Azure Data Factory
Learn how to use Microsoft Azure in an Azure Data Factory (ADF) to solve challenges in big data analysis and integration.
Azure Data Factory: Data Integration in the Cloud
by Sahil Gupta, Engineering Consultant
A Closer Look at Pipelines
Data Analytics Today
Effective data analytics provides enormous business value for many organizations.
Effective data analytics provides enormous business value for many organizations. As ever-greater amounts of diverse data become available, analytics can provide even more value. But to benefit from this change, your organization must embrace the new approaches to data analytics that cloud computing makes possible.
Microsoft Azure provides a broad set of cloud technologies for data analysis, designed to help you derive more value from your data. These services include the following:
Azure SQL Data Warehouse, providing scalable relational data warehousing in the cloud.
Azure Blob Storage, commonly called just Blobs, provides low-cost cloud storage of binary data.
Azure Data Lake Store, implementing the Hadoop Distributed File System (HDFS) as a cloud service.
Azure Data Lake Analytics offers U-SQL, a tool for distributed data analysis in Azure Data Lake Store.

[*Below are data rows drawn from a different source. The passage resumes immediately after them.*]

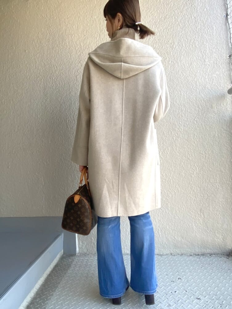 もともとベージュという色が好きで、アウターもいくつか持っているのですが、このコートは黄みの少ない明るいベージュなので特に2月~3月に特に活躍します。それになんとなくフードのついたアイテムって、春を感じませんか?ボーダーを中に着てカジュアルに見せたりもできるので、気に入っています。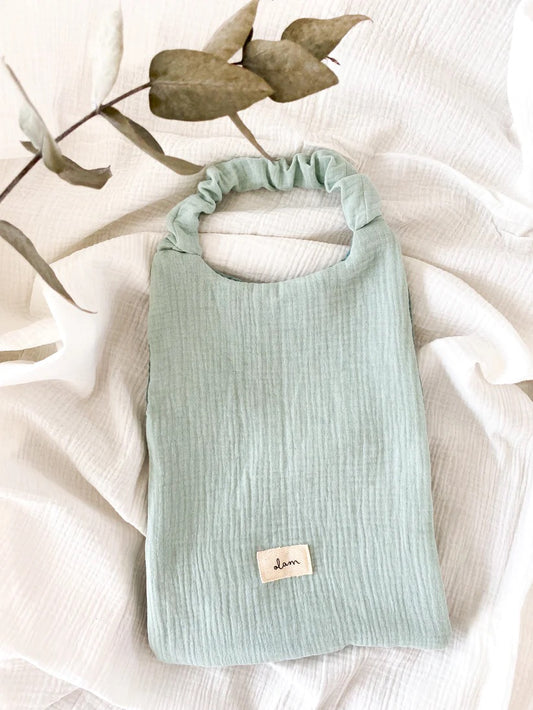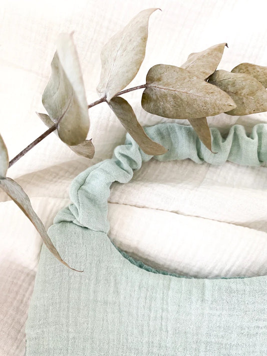 Grand bavoir élastique Vert Opaline, en gaze de coton bio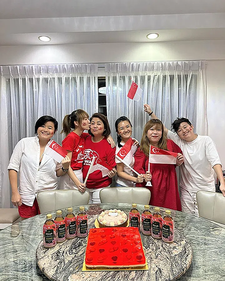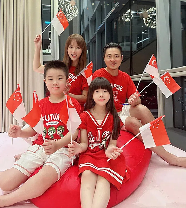 即便是远在台湾的林湘萍一家,也换上红衣为新加坡庆生。林湘萍发文说,孩子俩都很喜欢唱各个国庆节主题曲。今年虽然无法到现场观看典礼,在家也要拉满氛围感。她特别分享了几段一家四口挥舞着国旗,跟唱《Shine You Light》的视频,好可爱好窝心~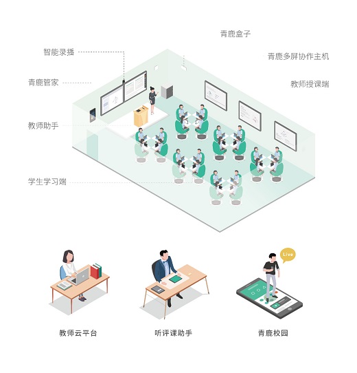 青鹿智慧課堂從實際教學場景出發,以業內首臺嵌入式架構盒子——青鹿盒子為核心,為學校教學量身打造了青鹿智慧教學整體解決方案。針對不同的教學場景,青鹿為教學提供標準智慧課堂、研討型智慧課堂、跨校區協作智慧課堂等多種智慧課堂解決方案。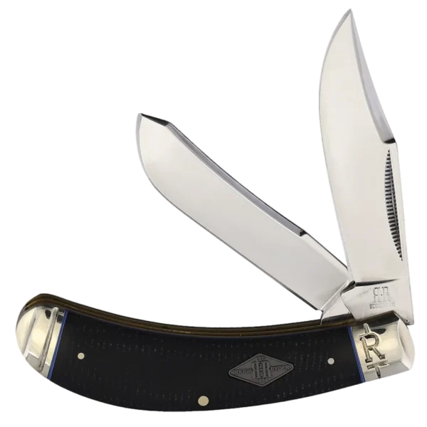 All the knives in the Rough Ryder Classic Carbon II Series feature mirror polished T10 carbon steel blades with match strike pulls. The handles are black Micarta with blue underliners, brass liners, nickel silver pins, and embossed nickel silver Slant R bolsters. This Rough Ryder Classic Carbon II Bow Trapper has clip point and skinner blades. It's 4" closed and weighs 4oz.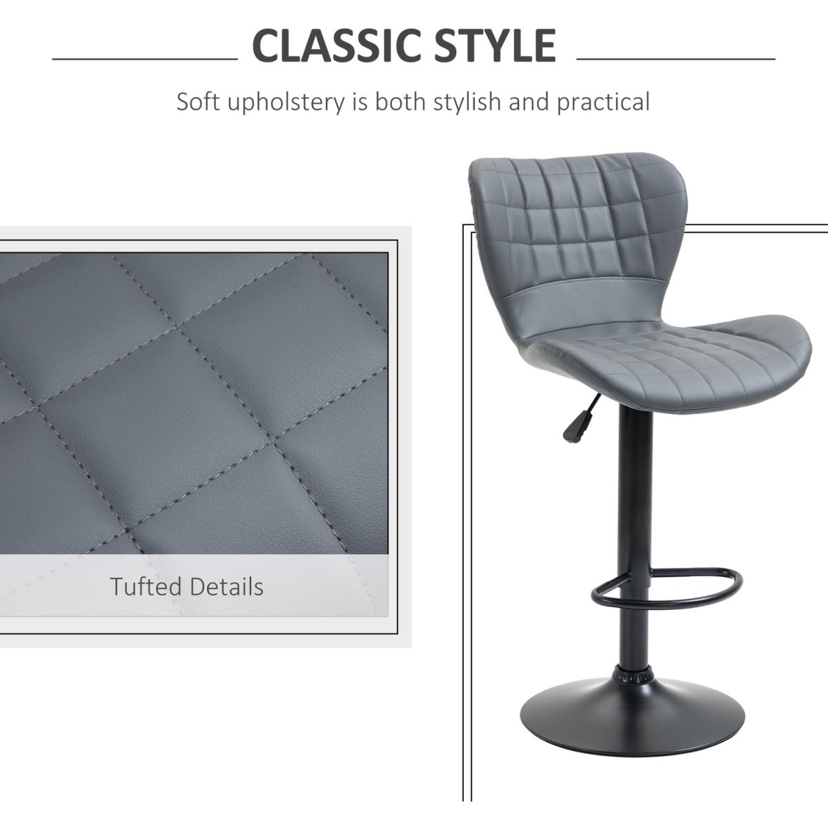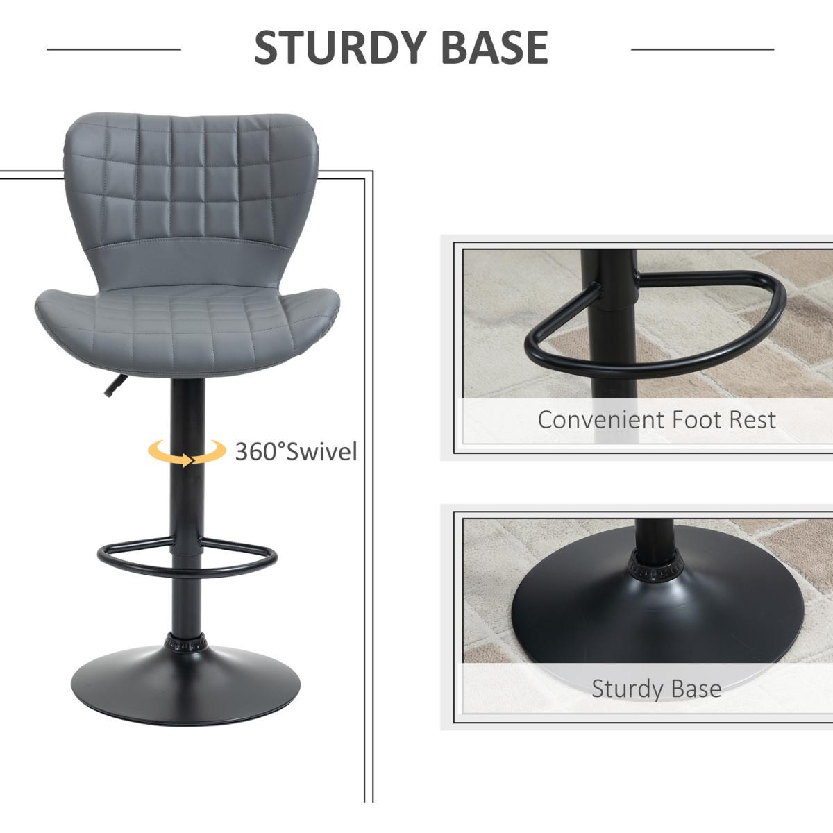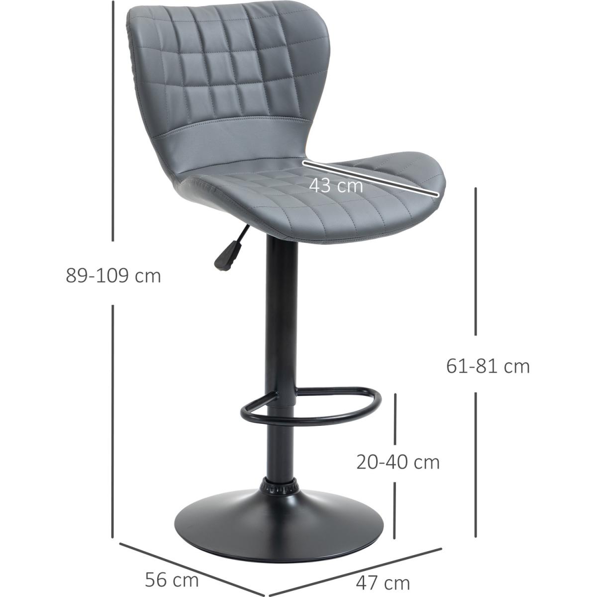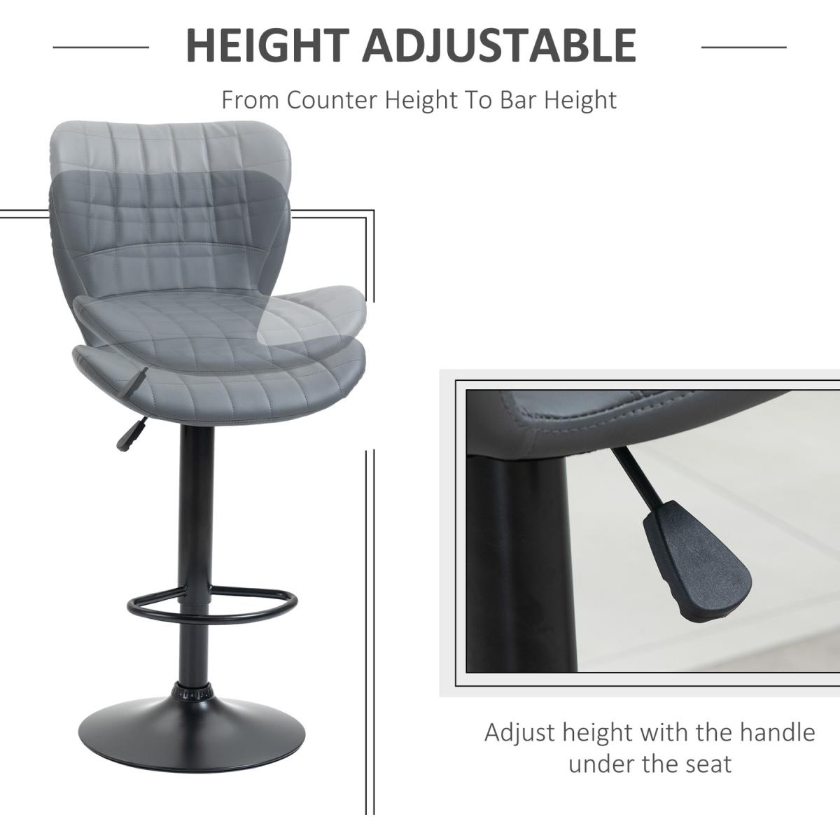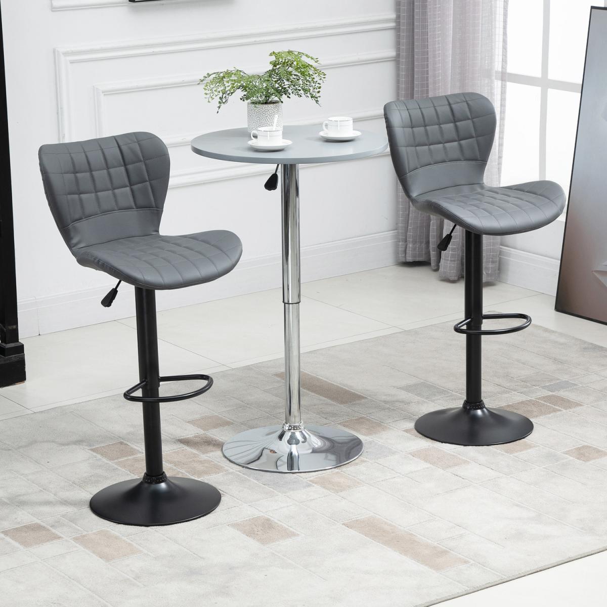Sleek, beautiful style for the home dining area: these two stools from HOMCOM. Soft PU leather is stylish, with added indents for a unique look. Both seats are filled with soft sponge for comfort, with high backs for support and can swivel freely to work with you when seated. Comes complete with a metal structure, with a large round base to stand steady and bottom rest for the feet.

Azure Analysis Services, a cloud offering based on SQL Server Analysis Services.
Azure HDInsight, with support for Hadoop technologies, such as Hive and Pig, along with Spark.
Azure Databricks, a Spark-based analytics platform.
Azure Machine Learning is a set of data science tools for finding patterns in existing data, then generating models that can recognize those patterns in new data.
You can combine these services as needed to analyze both relational and unstructured data.
But there’s one essential aspect of data analytics that none address: data integration.
This might require extracting data from where it originates (such as in one or more operational databases), then loading it into where it needs to be for analysis (such as in a data warehouse).
You might also need to transform the data in some ways during this process. And while all of these tasks can be done manually, it usually makes more sense to automate them.
Azure Data Factory (ADF) is designed to help you address challenges like these. This cloud-based data integration service is aimed at two distinct worlds: big data and traditional data warehousing.
The big data community, which relies on technologies for handling large amounts of diverse data.
For this audience, ADF offers a way to create and run ADF pipelines in the cloud. A pipeline can access both on-premises and cloud data services. It typically works with technologies such as Azure SQL Data Warehouse, Azure Blobs, Azure Data Lake, Azure HD Insight, Azure Databricks, and Azure Machine Learning.
The traditional relational data warehousing community, which relies on technologies such as SQL Server. These practitioners use SQL Server Integration Services (SSIS) to create SSIS packages. A package is analogous to an ADF pipeline; each defines a process to extract, load, transform, or otherwise work with data.
ADF allows this audience to run SSIS packages on Azure and access both on-premises and cloud data services.
The critical point is this: ADF is a single cloud service for data integration across all of your data sources, whether they’re on Azure, on-premises, or on another public cloud such as Amazon Web Services (AWS).
It provides a single set of tools and a common management experience for all of your data integration. What follows takes a closer look at ADF, starting with ADF pipelines.
An effective data integration service must provide several components:
A way to perform specific actions. You might need to copy data from one datastore to another, for example, or to run a Spark job to process data. To allow this, ADF provides activities, each focused on carrying out a specific task.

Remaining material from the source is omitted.